The novel is heavily - though not entirely - autobiographical, and Du Perron's real-life friends are easily recognisable: under the name Héverlé, André Malraux is presented in his early period of left-wing activism, while the characters of Viala and Guraev are shadows of Pascal Pia and Alexandre Alexeieff, respectively. Wijdenes, one of the Dutchmen portrayed in the novel, is modeled after Menno ter Braak, Graaflant after Jan Greshoff, and Rijckloff after the poet A. Roland Holst.
Characteristics such as the focus on the individual as opposed to the social, a profound introversion and self-conscious reflexiveness, and the integration of various narrative levels and numerous incongruous compositional elements (letters, dialogues, and diary fragments) make Country of Origin a prime example of Dutch modernist prose.
Apart from his own poetry and prose, Du Perron published several translations from French (Valery Larbaud, André Malraux) and one from English (Walter Savage Landor).
In 1994 the E. du Perron Society was founded.

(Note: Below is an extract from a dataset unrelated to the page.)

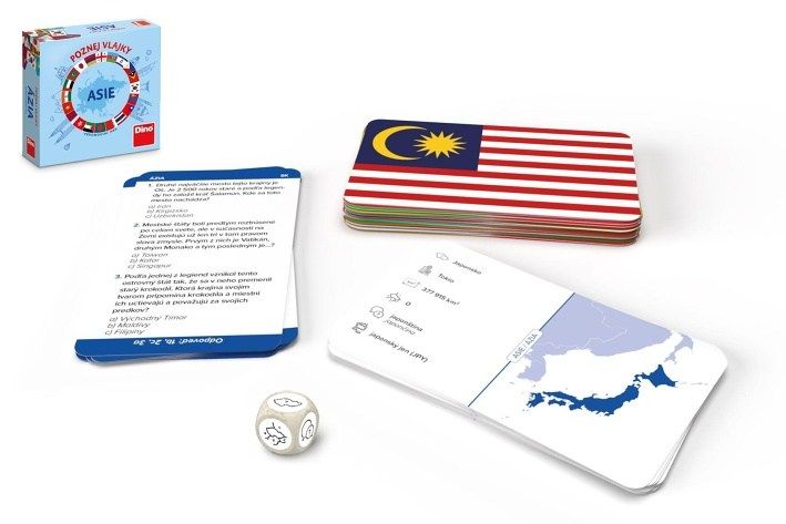 Poznej vlajky Asie cestovní společenská hra v krabici 13x13cm

This Dutch literary society, devoted to a single author, has around 70 members and an additional number of subscribers, including several universities and libraries. The society aims to accumulate and deepen the knowledge regarding E. du Perron, both the person and his work, and contribute to the continued appreciation of his literary, artistic and social significance.[5]
Every year Tilburg University awards a cultural prize named after E. du Perron.[6]